▸ TASK TO COMPLETE: Write the full listing out again, word for word, but omit the pictures.

▸ RAW DATA:
Content starts

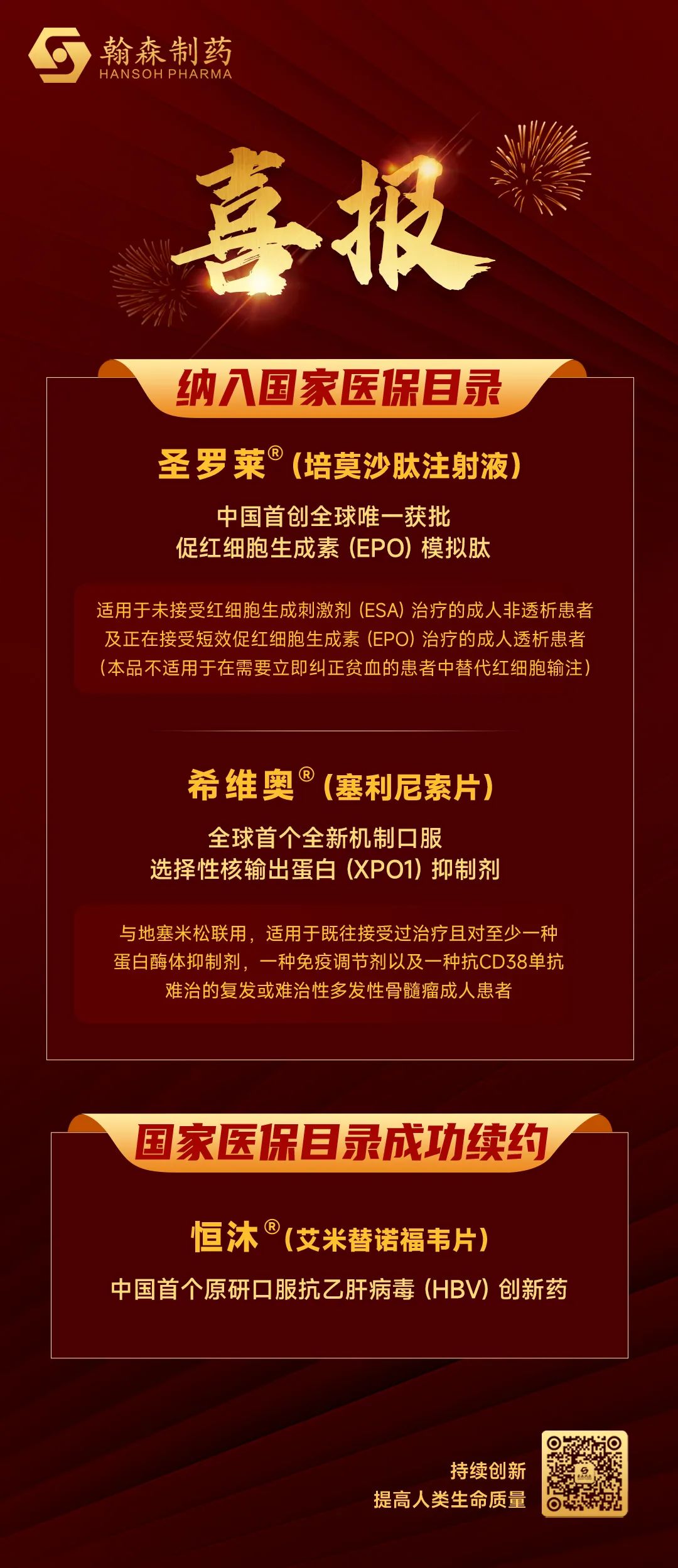 12月13日,国家医保局与人力资源社会保障部公布《国家基本医疗保险、工伤保险和生育保险药品目录(2023年)》(以下简称“国家医保目录”),ob體育自主研发的1类创新药圣罗莱®(培莫沙肽注射液)两项适应症成功纳入医保,另一款创新药恒沐®(艾米替诺福韦片)也成功续约。新版国家医保目录将于2024年1月1日起正式实施。至此,ob體育已上市的7款创新药全部纳入国家医保目录。
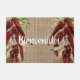 Vintager roter Pfeffer mit etwas spanischem Text " Bienvenidos " Doormat mit nostalgischem Gefühl und Burlap-Look Hintergrund . Design von Alma Wad,
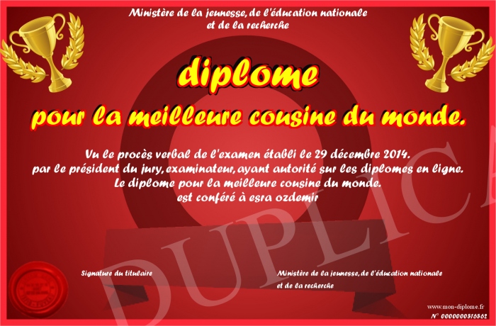 Envoyez par email votre diplome pour la meilleure cousine du monde. personalisé

Content ends

▸ RESPONSE BELOW:
 12月13日,国家医保局与人力资源社会保障部公布《国家基本医疗保险、工伤保险和生育保险药品目录(2023年)》(以下简称“国家医保目录”),ob體育自主研发的1类创新药圣罗莱®(培莫沙肽注射液)两项适应症成功纳入医保,另一款创新药恒沐®(艾米替诺福韦片)也成功续约。新版国家医保目录将于2024年1月1日起正式实施。至此,ob體育已上市的7款创新药全部纳入国家医保目录。
 Vintager roter Pfeffer mit etwas spanischem Text " Bienvenidos " Doormat mit nostalgischem Gefühl und Burlap-Look Hintergrund . Design von Alma Wad,
 Envoyez par email votre diplome pour la meilleure cousine du monde. personalisé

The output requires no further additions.